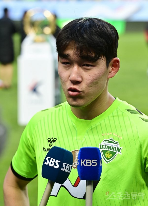 5일 전북 전주월드컵경기장에서 열린 ‘하나원큐 K리그1 2021’ 전북 현대와 제주 유나이티드의 경기에서 제주에 2-0으로 승리를 거둬 우승을 확정지은 전북 송민규가 방송사 인터뷰를 하고 있다.
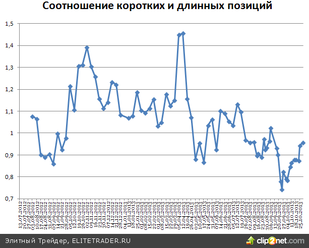 Обратив внимание на открытые юридическими лицами позиции по фьючерсу на индекс, можно заметить, что настроения крупных игроков за последние 3 дня практически не изменились и продолжают находиться в нейтральном состоянии. Соотношение коротких и длинных позиций сейчас составляет 0,95 против 0,93 тремя днями ранее.
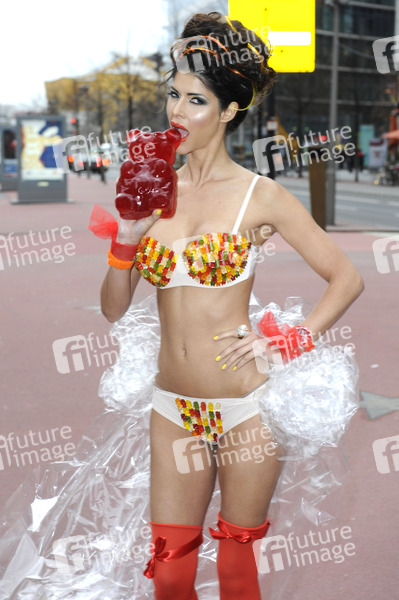 Micaela Schäfer präsentiert ihren persönlichen Berlinale Bären auf dem Boulevard der Stars, Berlin

### Assignment:
The answer must be the full listing, word for word, with no images in it.

### Solution to this exercise:
 5일 전북 전주월드컵경기장에서 열린 ‘하나원큐 K리그1 2021’ 전북 현대와 제주 유나이티드의 경기에서 제주에 2-0으로 승리를 거둬 우승을 확정지은 전북 송민규가 방송사 인터뷰를 하고 있다.
 Обратив внимание на открытые юридическими лицами позиции по фьючерсу на индекс, можно заметить, что настроения крупных игроков за последние 3 дня практически не изменились и продолжают находиться в нейтральном состоянии. Соотношение коротких и длинных позиций сейчас составляет 0,95 против 0,93 тремя днями ранее.
 Micaela Schäfer präsentiert ihren persönlichen Berlinale Bären auf dem Boulevard der Stars, Berlin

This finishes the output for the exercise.